RECORDS SUPPLIED =>

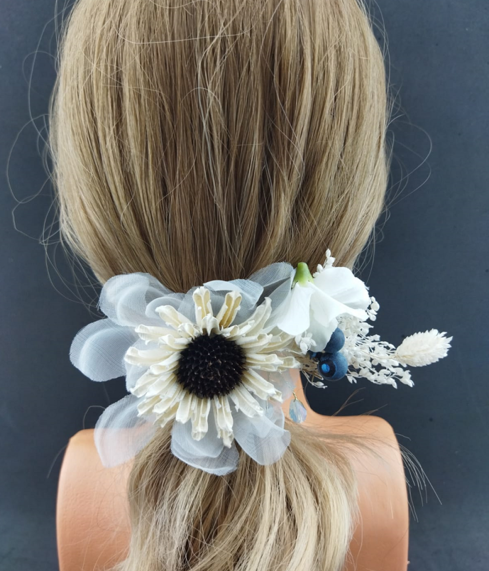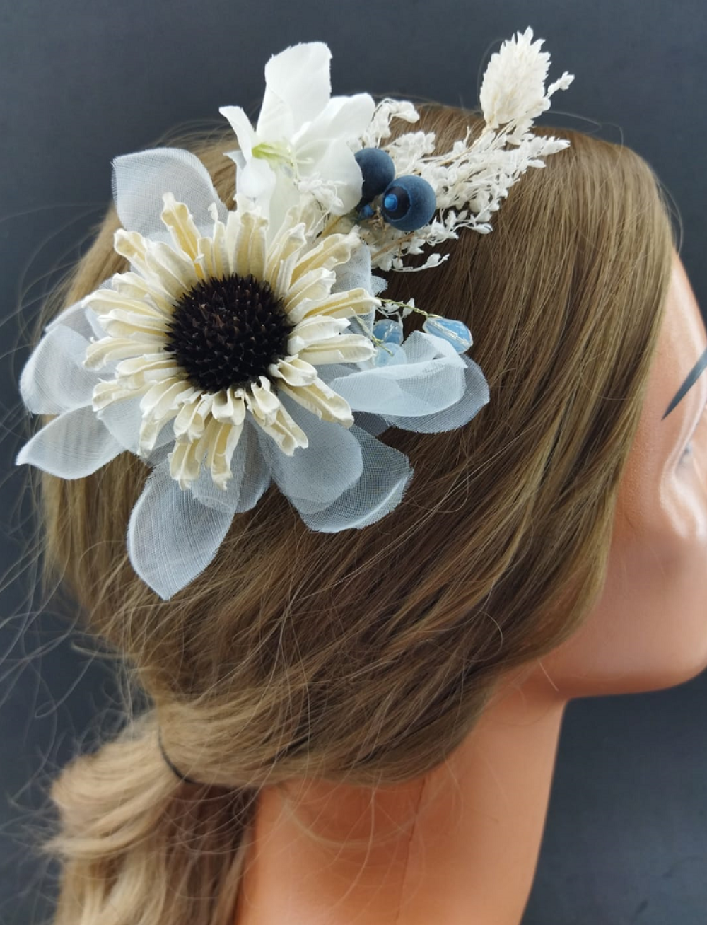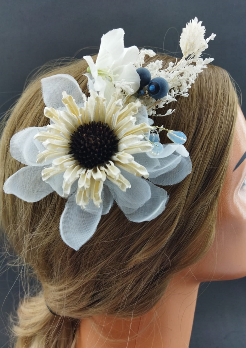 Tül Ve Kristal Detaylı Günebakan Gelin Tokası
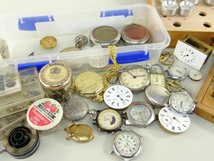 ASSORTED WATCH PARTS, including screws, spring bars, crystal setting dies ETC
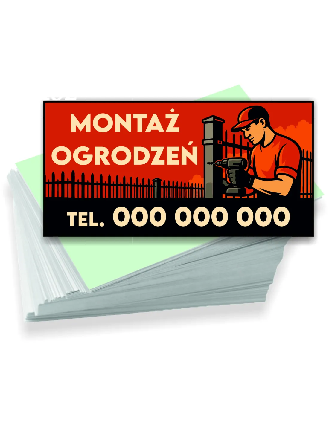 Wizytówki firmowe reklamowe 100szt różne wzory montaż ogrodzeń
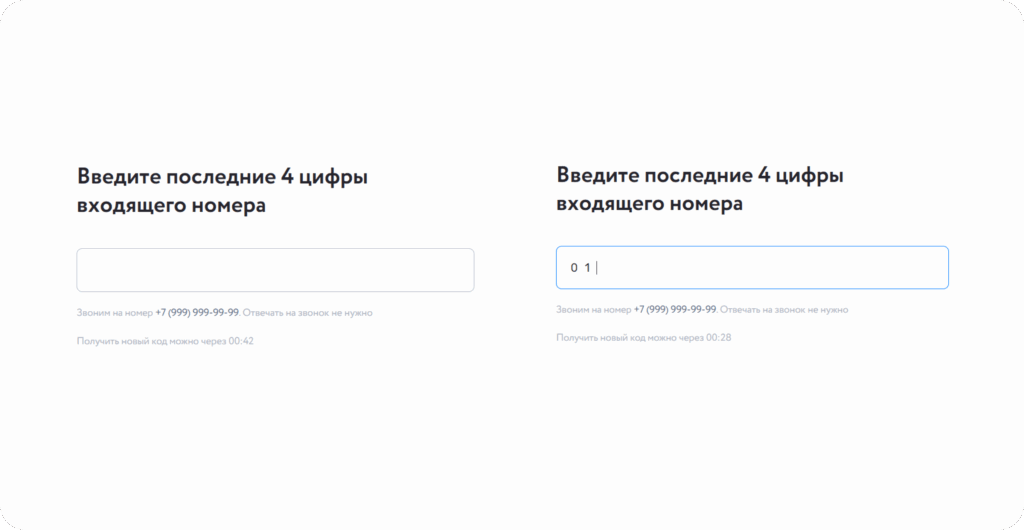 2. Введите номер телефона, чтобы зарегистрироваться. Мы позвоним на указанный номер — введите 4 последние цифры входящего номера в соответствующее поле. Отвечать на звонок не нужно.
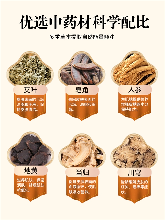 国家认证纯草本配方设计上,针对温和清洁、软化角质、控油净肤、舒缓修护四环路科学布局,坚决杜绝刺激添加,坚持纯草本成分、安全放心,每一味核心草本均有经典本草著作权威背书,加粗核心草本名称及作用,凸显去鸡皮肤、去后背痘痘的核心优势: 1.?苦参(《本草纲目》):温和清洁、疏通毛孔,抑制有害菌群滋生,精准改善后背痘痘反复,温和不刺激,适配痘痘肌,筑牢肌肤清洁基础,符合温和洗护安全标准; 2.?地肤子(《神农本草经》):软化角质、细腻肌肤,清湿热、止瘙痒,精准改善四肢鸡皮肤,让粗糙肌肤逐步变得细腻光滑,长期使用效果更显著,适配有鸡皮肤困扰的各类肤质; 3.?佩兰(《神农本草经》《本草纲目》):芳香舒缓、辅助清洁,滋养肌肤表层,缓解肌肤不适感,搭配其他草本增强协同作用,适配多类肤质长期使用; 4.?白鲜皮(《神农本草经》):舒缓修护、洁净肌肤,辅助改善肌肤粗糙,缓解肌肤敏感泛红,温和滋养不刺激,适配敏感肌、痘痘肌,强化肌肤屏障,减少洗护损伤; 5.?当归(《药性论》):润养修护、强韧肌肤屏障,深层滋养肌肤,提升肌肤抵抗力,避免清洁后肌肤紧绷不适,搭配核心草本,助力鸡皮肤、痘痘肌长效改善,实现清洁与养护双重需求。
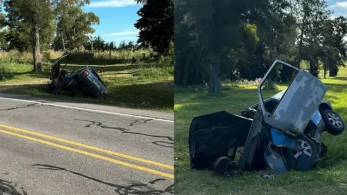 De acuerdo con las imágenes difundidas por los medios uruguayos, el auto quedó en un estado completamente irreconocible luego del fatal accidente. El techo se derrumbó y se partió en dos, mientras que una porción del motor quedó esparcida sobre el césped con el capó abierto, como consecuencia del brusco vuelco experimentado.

WHAT TO PRODUCE => Would you reproduce, exactly and with nothing added, every line from the beginning of the entries above through the line that contains "Wizytówki firmowe reklamowe", both included, leaving out the pictures?

OUTPUT FOR THIS EXERCISE =>
 Tül Ve Kristal Detaylı Günebakan Gelin Tokası
 ASSORTED WATCH PARTS, including screws, spring bars, crystal setting dies ETC
 Wizytówki firmowe reklamowe 100szt różne wzory montaż ogrodzeń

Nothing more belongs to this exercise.